Friday, May 28, 2010

On Leaving....

December 15, 2009

You left yesterday. The silence from you has started and I never realized how loud silence can be. It is in every corner of the house, in your room, and outside.

We said goodbye at a dinner that we all tried to keep upbeat. But every laugh seemed forced and every smile stiff.

And I watched you chew. I stared at every hair on your head, knowing it would be soon shaved down to your scalp. I wanted you to stuff yourself full of bread and vegetables and dessert, because when would you eat like this again? And I noticed the way you kept your eyes down, as if you were afraid to make eye contact because you knew there would be tears in mine. I promised myself I would not cry and I would hold firm to that promise until you were out of my sight.

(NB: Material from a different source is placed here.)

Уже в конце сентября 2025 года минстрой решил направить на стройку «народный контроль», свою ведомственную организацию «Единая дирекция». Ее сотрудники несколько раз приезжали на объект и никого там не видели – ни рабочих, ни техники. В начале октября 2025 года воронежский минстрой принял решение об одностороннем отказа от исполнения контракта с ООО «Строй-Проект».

When we walked outside it was raining and I was happy because it covered my face. When I hugged you I was truly shocked at just how much taller you are than me and when did that happen? I knew you were apprehensive because you do not like tears so I kept them in as best I could. I know I said something, but I do not remember what it was, or how I got any words past the lump in my throat that was threatening to choke off the very breath I tried to take in.

And I cried. I know I will many more times on this journey. You are the first to leave, and that alone warrants tears. But I will be okay, just as I know you will be.

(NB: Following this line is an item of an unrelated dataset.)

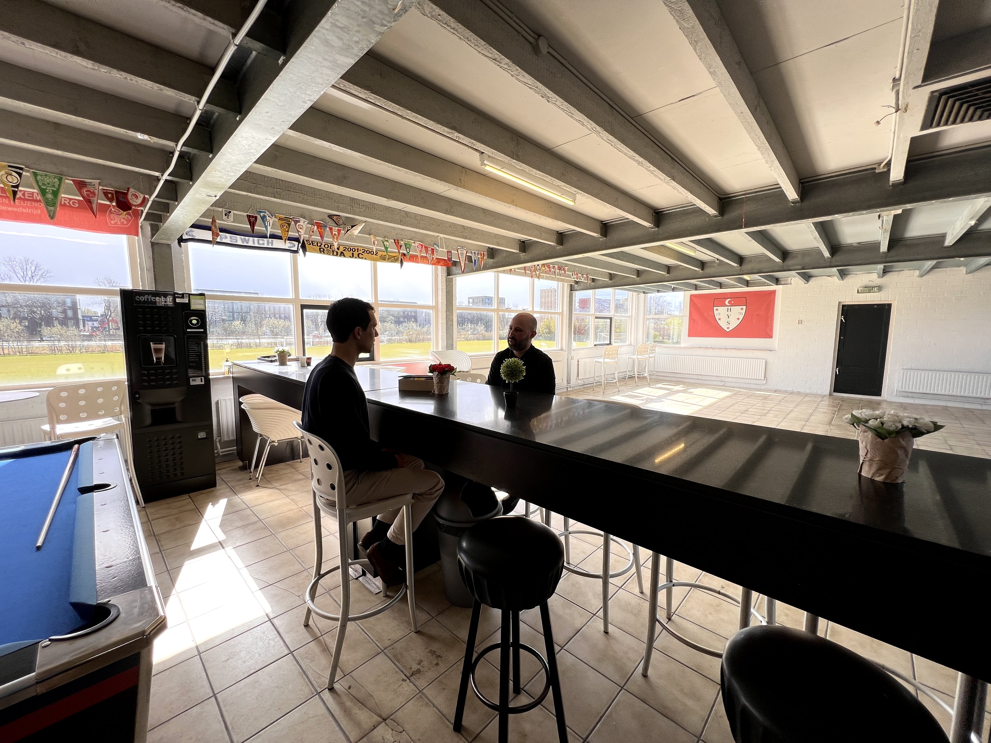 De cornervlaggen wapperen straf in de wind, een vrijwilliger controleert het gras van het voetbalveld van Yildiz Spor in Haarlem. In de kantine hangt een clubvlag aan de muur, de barkrukken staan er verlaten bij.

Before You Leave for Bootcamp

December 9, 2009

Dear Alex,

I know you don’t do emotional stuff well, and that is pretty much what I am made of!
But the days that you are going to be home are getting fewer and there are some things I wanted to say before you leave.

I have gained so much respect for you these past few months. I have always been proud of you – I am your mother and extremely biased! But in these past months watching your determination and conviction on entering the Marines I have realized the man you are becoming.

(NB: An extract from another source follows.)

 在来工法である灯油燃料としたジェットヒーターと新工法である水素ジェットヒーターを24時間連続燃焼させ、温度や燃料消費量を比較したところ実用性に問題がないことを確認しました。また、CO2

It has been my “job” these past 20 years to teach you to stand on your own two feet, to explore the world, to protect you from life’s hurts – both physical and emotional. I was given the task to guide you into making right choices and knowing when you made a wrong one to learn from it. I have loved you unconditionally and as deeply as any mother could love her child. Your birth was a gift that I had longed for, for so many years.

I have completed my task. You have taken a stand and decided where you want your life to go. You are ready for the challenge that will come – both physically and emotionally. You have made a choice that many questioned yet you knew it was the right one and have never waivered. And it has made me love you more.

These next weeks will be challenging ones. When sometimes you question this decision know that I am with you nodding that it is the right choice. When your body is tired and aching know that I am with you comforting you and pushing you forward. I believe in you more than I ever could before.

It is time to let the child that I have nurtured and held on to all these years go. Instead I will gain a son that has become a man, a Marine. In the coming weeks, after you have completed this task you will give me a gift. I will become one of the lucky ones who can wear the title of “Marine Mom” with pride.

As I said, I know you don’t do emotion well, and that is all I am made of. I know how you feel and that is all that matters.

Semper Fi Alex, Semper fi.

Love Mom

This Is My Journey With My Son

This is my journey with my son. It is one that I did not expect and am learning how to deal with as we stumble along.

My son is a United States Marine. I am both extremely proud and extremely worried. Like anything else, unless you walk in the shoes, you cannot truly understand it and the emotions that come with it.

It is described as a rollercoaster ride by those that I have met in the military family. Well, I hate rollercoasters!

I am not blogging trying to sway anyone's beliefs, views, or attitudes. This is just my way of sharing the ride my son has taken me, and therefore his extended family on. At times it may be very personal, always heartfelt, and blatently honest.